# Introduction to Splines and Parametric Curve Representations

Even 200 years ago engineers used smooth shapes:
-- in ship building for fast, smooth hulls,
-- in watch making for the spiral spring that powers the watch ...

Motivational task:  How to construct a "smooth" spiral ?
-- piecewise  linear - yields connectivity;
-- composed of circular arcs - yields G1 (tangent-) continuity;
-- composed of elliptical arcs - yield G2 (curvature-) continuity.

How do you represent straight lines, planes ?
How do you generalize that to curves, curved surfaces ?
-- parametric representations of a spiral.
-- other examples of parametric curves.

What are "splines" ? -- Wood strips used in ship building that yield nice smooth curves,
because nature is trying to minimize overall bending energy (= arc-length integral of curvature squared).
Depending on what fixtures are being used one can apply different constraints to those strips
-- Position Constraints are implemented with pegs, and
-- Tangent Constriants can be realized with clamps.
Mathematical "splines" are linearized approximations to the above difficult optimization problem.

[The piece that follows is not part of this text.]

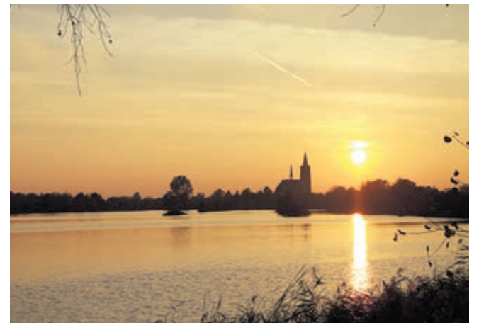
Mooi thuiskomen in De Ronde Venen na een rondje langs de N201.

When making smooth shapes by piecing together smooth curves, consider the
degrees of smoothness at the joints:
-- Parametric Continuity: differentiability of the parametric representation (C0, C1, C2, ...)
-- Geometric Continuity: smoothness of the resulting displayed shape (G0=C0, G1=tangent-cont., G2=curvature-cont. )

Distinguish between:
-- Interpolating splines (pass through all the data points; example Hermite splines), and
-- Approximating splines (only come close to data points; example B-Splines).

## Cubic Bezier Curves

These very handy curves are a mixture of the above two "pure" schemes.
Cubic Bezier Curve is defined by:
-- 2 interpolated endpoints, and
-- 2 approximated intermediary control points that define the tangent directions at the endpoints.
Cubic polynomials: ==> allow to make inflection points and true space curves in 3D.

Basic underlying math;
(Cubic) Polynomial: infinitely differentiable --> Continuity = C-infinity
Cubic Hermite Spline: 2 endpoints, 2 tangent directions.
Cubic Bezier Curve: 2 endpoints, 2 approximated intermediary control points.
-- (P1,P2) = 1/3 of starting velocity vector
-- (P3,P4) = 1/3 of ending velocity vector
Influence of parameters (qualitative view).
DOF's (Degrees of Freedom).

### Properties of Bezier Curves

• Cubic polynomial, ==> true space curves;
• Interpolates endpoints;
• Approximation of other two control points;
• End tangents defined by pairs of control points;
• Convex hull property;
• Invariant under affine transformations;
• Start-to-end symmetry;
• Infinitely differentiable;
• May have loops, cusps.
• ### Construction of Bezier Curves

DeCasteljau construction algorithm: (Construction by three iterations of linear interpolation)
How to draw a Bezier curve from its control points:
-- the geometrical construction.
-- the polynomial resulting from the repeated interpolations.
Subdivision of a Bezier curve into two pieces that together are identical to the original one.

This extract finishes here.